Personal information
- Born: 5 July 1971 (age 54) Warragul, Victoria, Australia
- Listed height: 184 cm (6 ft 0 in)
- Listed weight: 78 kg (172 lb)

Career information
- Playing career: 1990–1992
- Position: Guard
- Coaching career: 1997–present

Career history

Playing
- 1990–1992: Melbourne Tigers

Coaching
- 1997: North Melbourne Giants (assistant)
- 1998–1999: Rockhampton Rockets
- 2000–2001: Sydney Panthers (assistant)
- 2002–2003: Wellington Saints
- 2004–2006: Melbourne Tigers (assistant)
- 2006–2007: Singapore Slingers (assistant)
- 2007–2013: New Zealand Breakers (assistant)
- 2009–2011: Waikato Pistons
- 2013–2016: New Zealand Breakers
- 2016–2017: Sydney Kings (assistant)
- 2017–2026: Melbourne United
- 2026–present: Nagasaki Velca

Career highlights
- As head coach: 3× NBL champion (2015, 2018, 2021); 3× NBL Coach of the Year (2018, 2019, 2024); NZNBL champion (2009); 2× NZNBL Coach of the Year (2009, 2011); As assistant coach: 4× NBL champion (2006, 2011–2013); WNBL champion (2001);

= Dean Vickerman =

Australian basketball coach

Dean John Vickerman (born 5 July 1971) is an Australian professional basketball coach and former player who currently serves as the head coach of Nagasaki Velca of the Japanese B.League.
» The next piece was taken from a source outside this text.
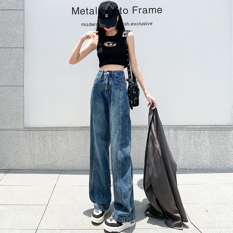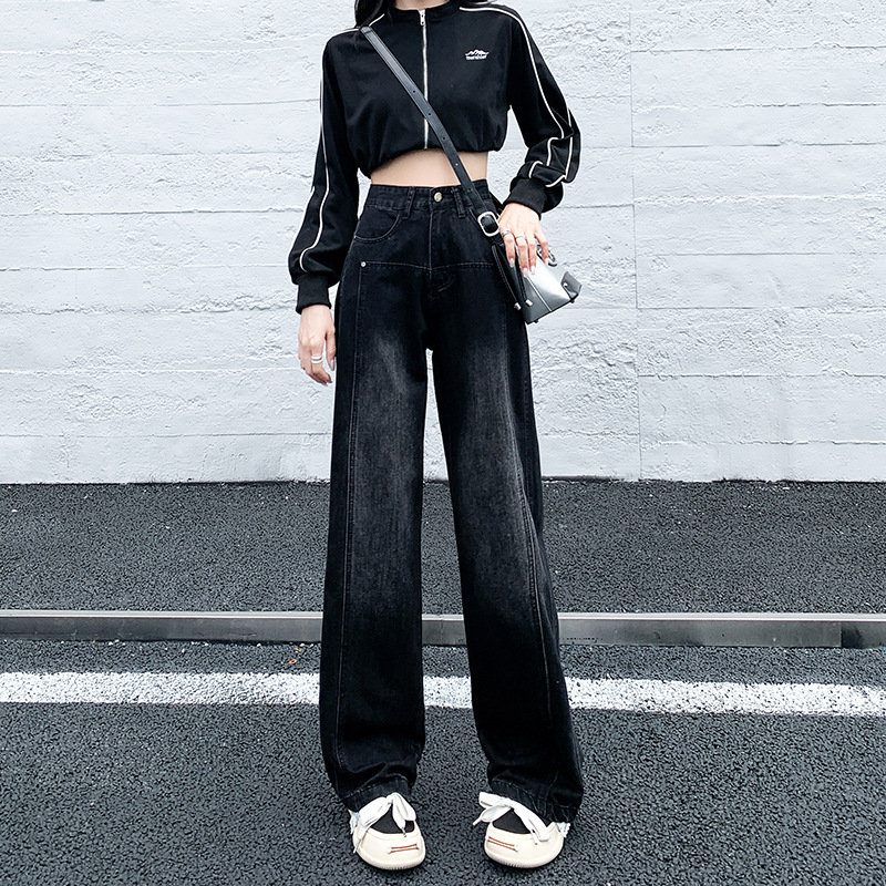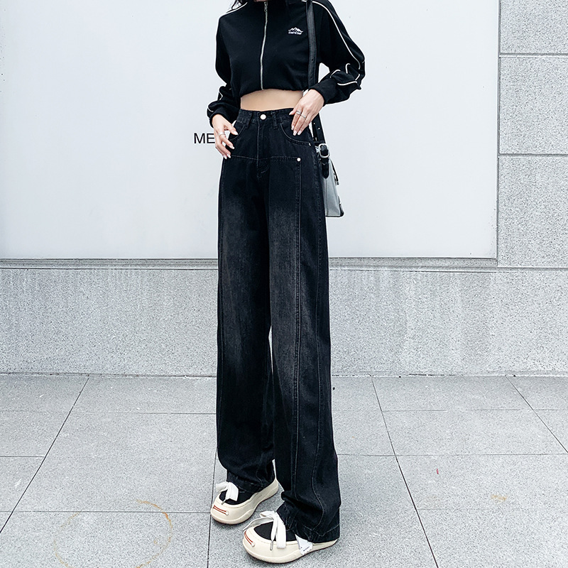 黑灰色阔腿牛仔裤女直筒拖地裤
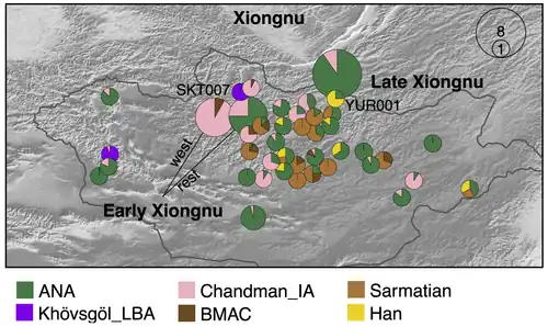 255. ^ Rogers & Kaestle 2022:"While during the slab burial period (ca.1100–300 BCE) eastern patrilines seem to have been dominant, in the Xiongnu period about half of the population had western patrilines with virtually no change to the mtDNA gene pool in east–west terms. If sex bias migration patterns were similar with those found in Europe, this increase of western patrilines would be consistent with aggressive expansion of people with western male ancestry (Batini et al., 2017); however, such a pattern could also be due to a gradual nonaggressive assimilation, such as the practice of marriage alliances associated with an expansion of trade or cultural networks that favored people with western patrilines (Honeychurch, 2013)."

In the Australian National Basketball League (NBL), Vickerman is a three-time NBL champion as a head coach, having led the New Zealand Breakers to the championship in 2015 and Melbourne United to titles in 2018 and 2021.

==Early life==
Vickerman was born and raised in Warragul, Victoria.

==Playing career==
Vickerman played for the Melbourne Tigers of the NBL from 1990 to 1992. He averaged 1.1 points, 0.1 rebounds and 0.2 assists in 16 games.

==Coaching career==
Between 1997 and 2001, Vickerman served as an assistant coach for the North Melbourne Giants, head coach of the Rockhampton Rockets, and assistant coach of the Sydney Panthers. In 2002, he became head coach of the Wellington Saints, coaching them for just over one season before walking out on the club just four games in the 2003 season because of the club's financial uncertainty.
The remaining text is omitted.